Anindita ikut tertawa, dia tahu Ehan bercanda soal itu. Tidak hanya Anindita yang tertawa, tapi mereka semua. Sesaat Jabran memesan beberapa mangkuk bakso lengkap dengan minumannya. Ibu kantin sudah mendekat ke arah mereka, menyodorkan kertas dan pulpen, tapi seperti biasa Jabran yang malas mencatat membuat ibu kantin hanya menunggu suara pelanggan setianya itu request.

"Enam mangkuk, buk, plus sama teh dingin aja."
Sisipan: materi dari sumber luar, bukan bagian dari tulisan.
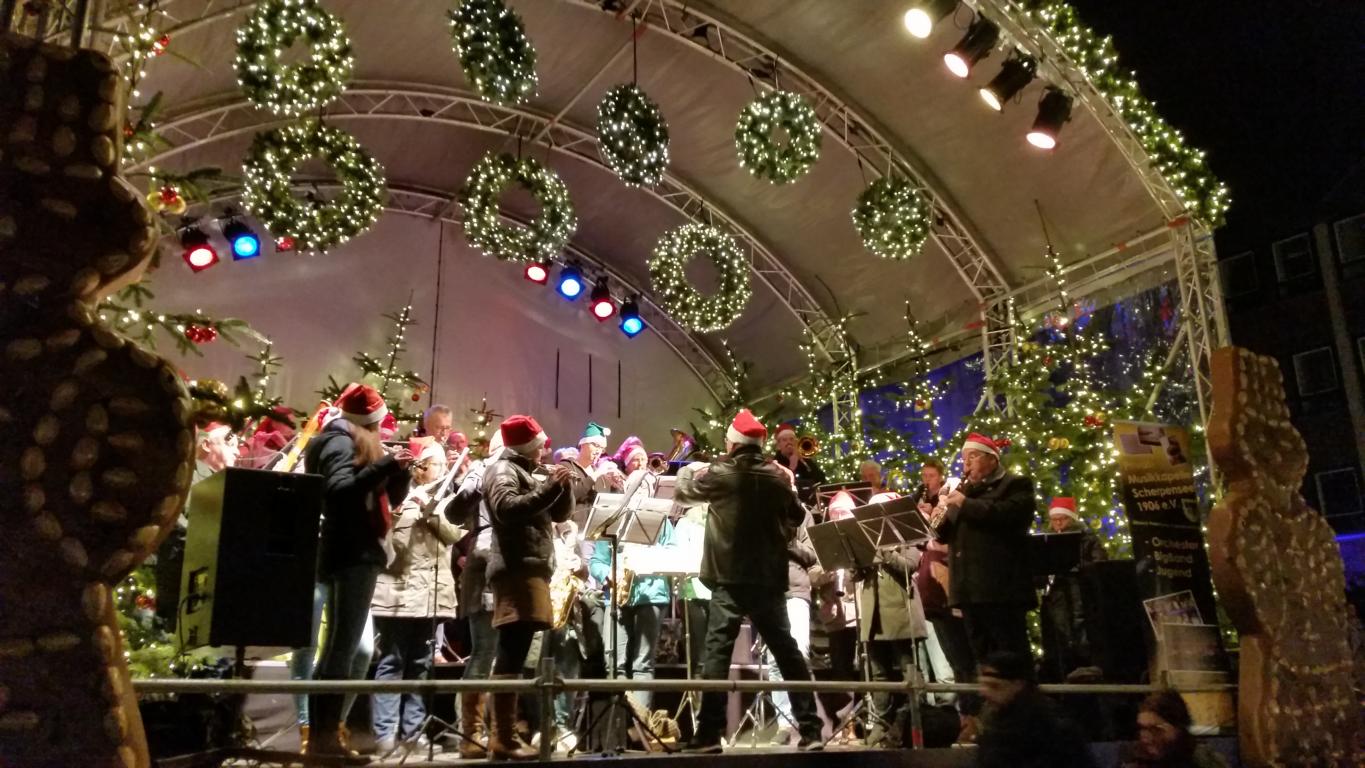 Wie bereits in den letzten Jahren, so spielte das Orchester der Privat-Musikkapelle Scherpenseel auch in diesem Jahr wieder auf dem Aachener Weihnachtsmarkt. Am Dienstag, dem 08. Dezember spielte das Orchester ab 19.00 Uhr Platzkonzert auf der Bühne am Katschhof. Dabei durften die sich die Besucher des Weihnachtsmarkts über verschiedenste Weihnachtslieder freuen. Von klassischen deutsch Weihnachtslieder wie "Morgen kommt der Weihnachtsmann", "Oh du fröhliche" oder "Alle Jahre wieder" bis zu modern arrangierten, internationalen Weihnachtslieder wie "Rudolph the red nosed reindeer" und "Feliz Navidad" war für jeden etwas im Repertoire. Die von Jan de Haan für Blasorchester arrangierten Stücke "Young Amadeus", "Tochter Zion" und "Macht hoch die Tür" bildeten dabei die Höhepunkte des Konzerts.

"Oke," jawab ibu kantin singkat.

Sesaat ibu kantin pergi. Ehan melotot ke arah Jabran, badannya sedikit membungkuk ke arah sahabatnya itu, "lo bayarin?"

"Hm," balas Jabran singkat.

"Wih, nah, ini, nih, demen gue."

"Giliran gratis aja, demen." Sambung Niken.

"Tapi Lo juga seneng, kan?"

"Ya, lumayan."

"Uu, sama aja."

Niken dan Ehan selalu bertekak mulut, memang cocok jadi pasangan, jodoh tidak ada yang tahu. Sambil berbincang santai, masalah pelajaran juga ujian yang baru saja di lalui Anindita dan teman-temannya tak luput dari perhatian Jabran. Anindita dan temannya juga ikut menanyakan sejauh mana persiapan Jabran dan temannya mempersiapkan ujian akhir nanti.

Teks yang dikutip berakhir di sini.